Большая игра - [8]
— Я оставила. Пенки.
— Она любит варенье.
— Она все любит, — вздохнула бабушка. — Глазами любит.
— Как это глазами? — спросил Крум, закрыв учебник и положив его на правый угол стола, на аккуратную стопку аккуратно обернутых учебников и тетрадок. На левом углу Здравка держала свои учебники, тоже заботливо обернутые Крумом. — Как это глазами, бабушка? — повторил Крум, поняв, что она говорит не только про Здравку.
— Да так… — Бабушка провела ложечкой по густому, золотистому варенью, осевшему на дно мелкой тарелки. — Большинство людей так любит, глазами. Увидят что-нибудь, и все. Вынь да положь! А по сути им совсем это ни к чему.
— А как же еще можно увидеть это что-нибудь, — Крум подчеркнул последнее слово, — если не глазами?

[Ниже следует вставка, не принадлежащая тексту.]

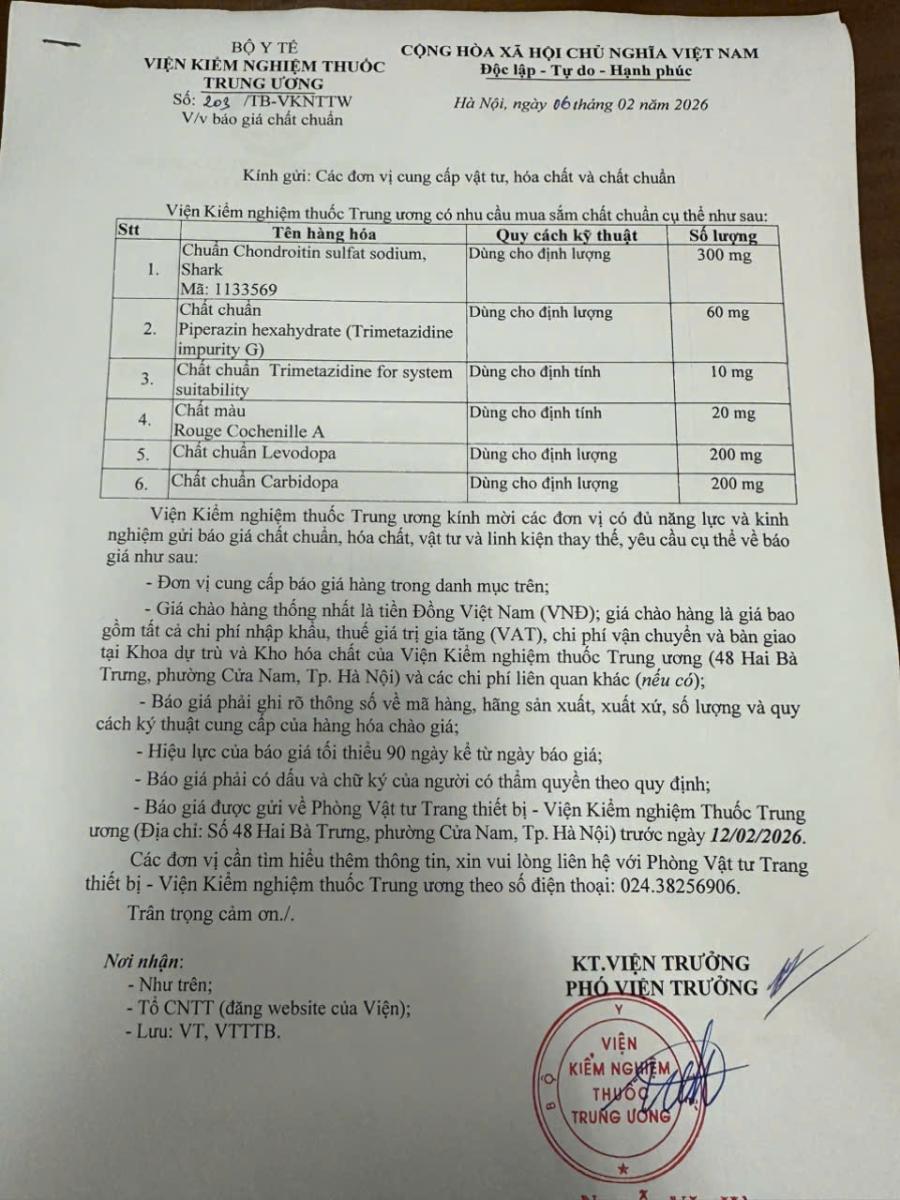 x 06/02/2026Viện Kiểm nghiệm Thuốc Trung ương đang có nhu cầu xin báo giá chất chuẩn.
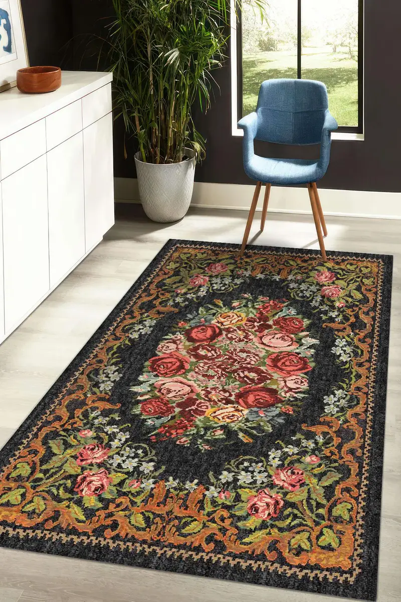 ヴィンテージ花柄プリントラグ: モダン、エレガント、時代を超越したホームアクセント
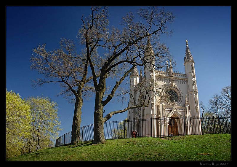 Это Готическая капелла(старое название Церковь св. Александра Невского) находится в Петергофе в парке Александрия. это домашняя церковь царской семьи, построенная специально для Александры Фёдоровны по проекту ар-ора Шинкеля(1831-1833годы)
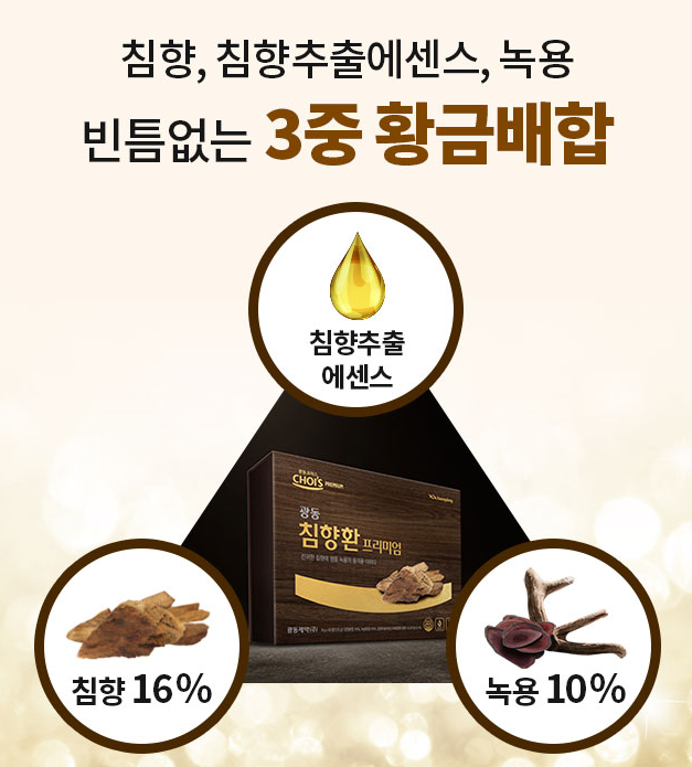 광동 침향환은 대표적인 침향환 브랜드로 세계 3대 향 중 하나인 '침향'과 최상위 SAT 등급을 받은 뉴질랜드산 '녹용'을 주요 성분으로 하여, 침향에센스와 14가지 국내산 전통 원료를 최적의 황금 비율로 배합한 제품입니다.

И вдруг понял, что он любит разговаривать с бабушкой, когда они одни. В такие минуты она становится немножко другой и разговаривает с ним, как со взрослым. Получается, что бабушка вроде расспрашивает Крума об уроках, о товарищах, а чувствуется: мысленно она далеко-далеко, в тех годах, когда отец Крума был еще мальчиком, а может, еще дальше — в юных годах самой бабушки и деда, которого Крум знал только по фотографиям в старых альбомах с толстыми переплетами.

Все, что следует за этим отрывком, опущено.